- **Instructions for the task**: Everything in the records must be copied exactly except the pictures.

- **Exercise data**:

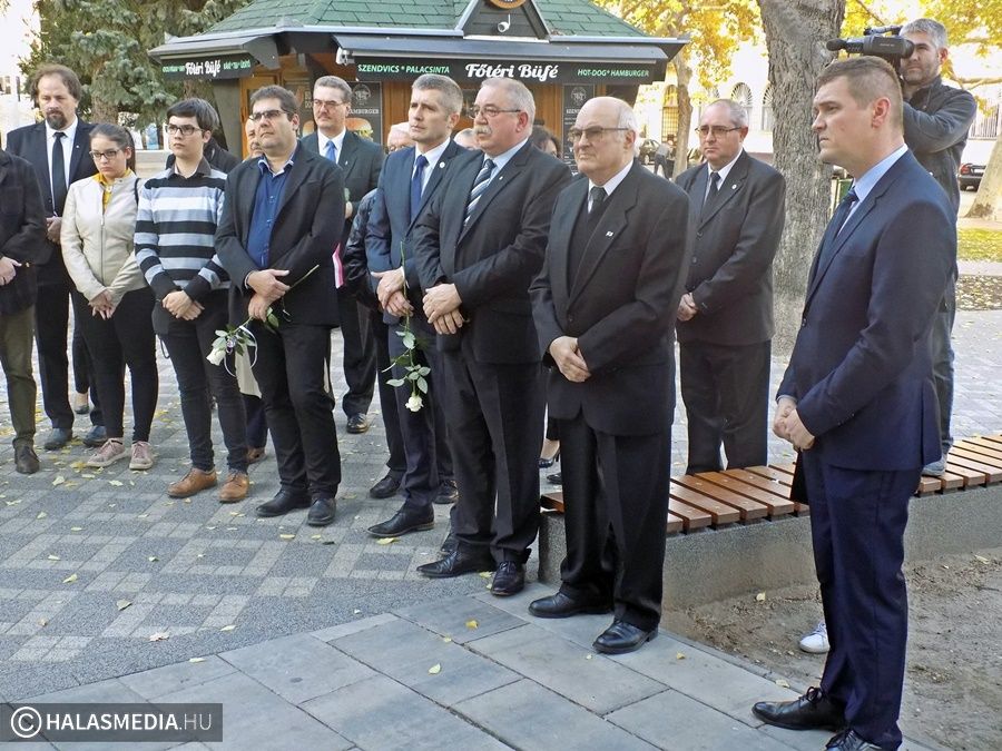 Az összegyűlteket Pajor Kálmán az ’56-os Emlékbizottság elnöke köszöntötte, majd felkérte Makai Imre történelemtanárt, hogy mondjon ünnepi beszédet. A pedagógus a helytörténeti kutatások alapján elmondta, a 62 esztendővel ezelőtti nap a regnáló hatalom félelmét tükrözte, hiszen Miklós Gergely alezredes vezetésével katonai közigazgatás jött létre, másrészt a város lakosságának az együttműködő készségét fejezi ki, mert közel háromezer fős tömeg vonult az első világháborús szoborhoz, hogy közösen emlékezzen.
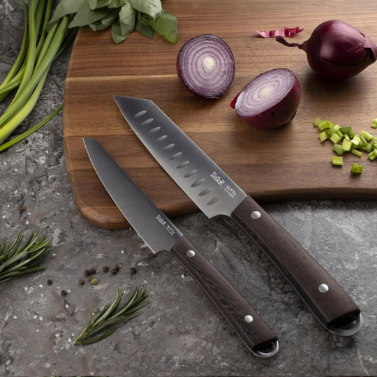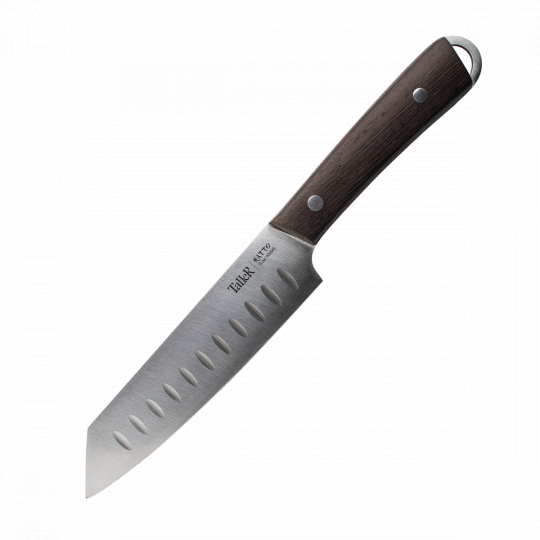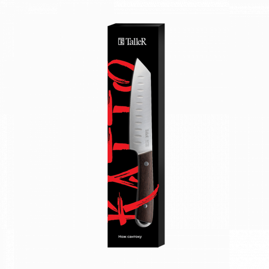 Нож сантоку TalleR TR-22054 Катто подходит для нарезки мяса, рыбы или овощей. Длина лезвия - 15 см, ширина лезвия - 3,6 см, толщина лезвия - 2,3 мм. Длина ножа – 28 см. Лезвие ножа сделано из высококачественной нержавеющей стали AISI 420S45. Ручка выполнена из нержавеющей стали и дерева венге. Есть отверстие для подвешивания.
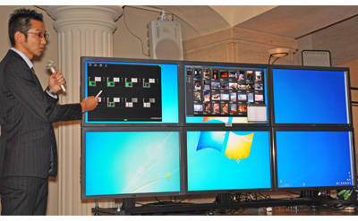 発表会では、CPUの処理能力の高さを示すデモンストレーションを実施。デジタルカメラのRAWデータを現像する、フルハイビジョン画質の映像を再生するといった、マシンに負荷のかかる複数の動作を、6枚の液晶ディスプレイで同時に実行した。
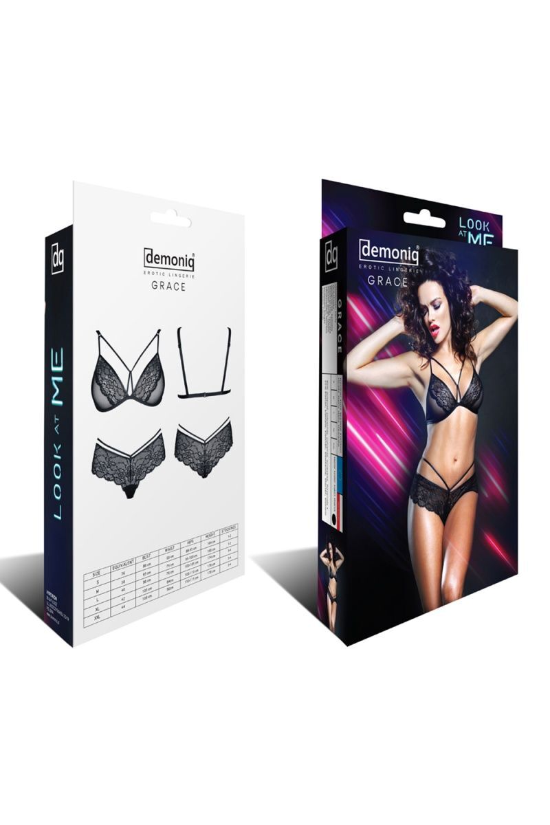 Комплект эротического белья 'Grace', размер S, черный, кружево и ленты
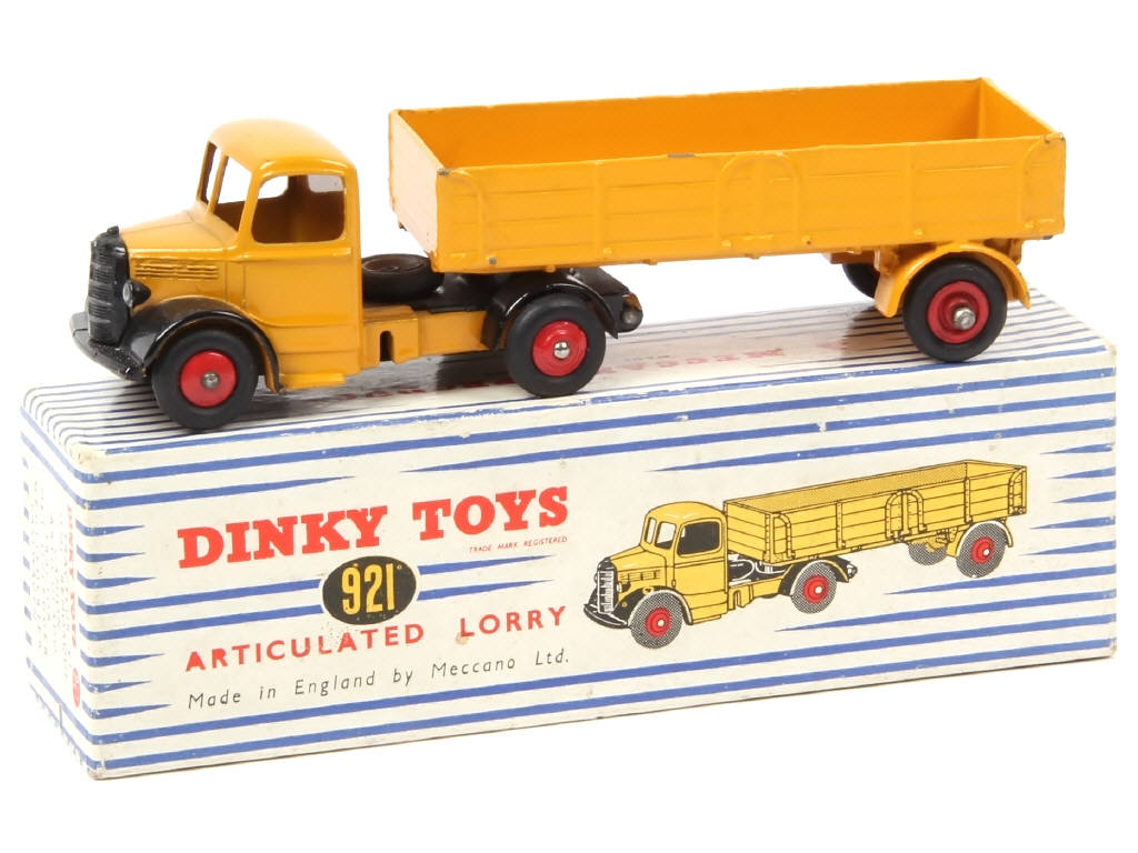 DINKY TOYS (GB) 921 BEDFORD Semi-remorque plateau à ridelles jaune d'or, ailes noires & jantes rouges
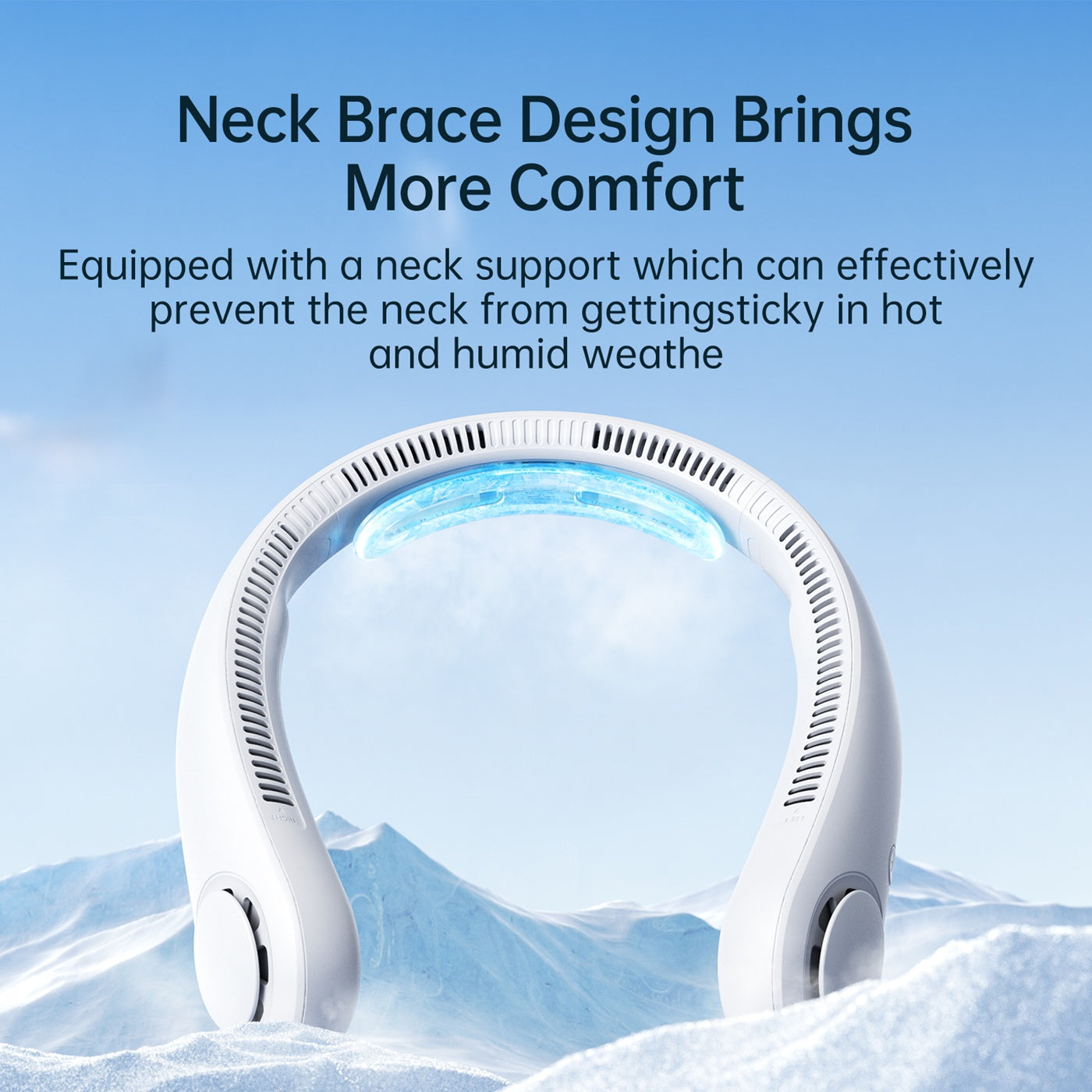 Neck fans are portable and rechargeable with their compact design, this portable neck fan, only 9.87 ounces, and 7.87 x 2.36 x 8.11 inches, won't make you feel tired even if you can take wearable fans anywhere all day. Simply wear personal fans for your neck and enjoy instant cooling relief on the go. Whether you're at work, office, church, home, school, kitchen, gym, outdoor, indoor, sports, hiking, camping, mountain climbing, watching sports games, etc., this hands-free bladeless fan is the perfect companion to keep you cool and comfortable.

- **Solution to the problem**:
 Az összegyűlteket Pajor Kálmán az ’56-os Emlékbizottság elnöke köszöntötte, majd felkérte Makai Imre történelemtanárt, hogy mondjon ünnepi beszédet. A pedagógus a helytörténeti kutatások alapján elmondta, a 62 esztendővel ezelőtti nap a regnáló hatalom félelmét tükrözte, hiszen Miklós Gergely alezredes vezetésével katonai közigazgatás jött létre, másrészt a város lakosságának az együttműködő készségét fejezi ki, mert közel háromezer fős tömeg vonult az első világháborús szoborhoz, hogy közösen emlékezzen.
 Нож сантоку TalleR TR-22054 Катто подходит для нарезки мяса, рыбы или овощей. Длина лезвия - 15 см, ширина лезвия - 3,6 см, толщина лезвия - 2,3 мм. Длина ножа – 28 см. Лезвие ножа сделано из высококачественной нержавеющей стали AISI 420S45. Ручка выполнена из нержавеющей стали и дерева венге. Есть отверстие для подвешивания.
 発表会では、CPUの処理能力の高さを示すデモンストレーションを実施。デジタルカメラのRAWデータを現像する、フルハイビジョン画質の映像を再生するといった、マシンに負荷のかかる複数の動作を、6枚の液晶ディスプレイで同時に実行した。
 Комплект эротического белья 'Grace', размер S, черный, кружево и ленты
 DINKY TOYS (GB) 921 BEDFORD Semi-remorque plateau à ridelles jaune d'or, ailes noires & jantes rouges
 Neck fans are portable and rechargeable with their compact design, this portable neck fan, only 9.87 ounces, and 7.87 x 2.36 x 8.11 inches, won't make you feel tired even if you can take wearable fans anywhere all day. Simply wear personal fans for your neck and enjoy instant cooling relief on the go. Whether you're at work, office, church, home, school, kitchen, gym, outdoor, indoor, sports, hiking, camping, mountain climbing, watching sports games, etc., this hands-free bladeless fan is the perfect companion to keep you cool and comfortable.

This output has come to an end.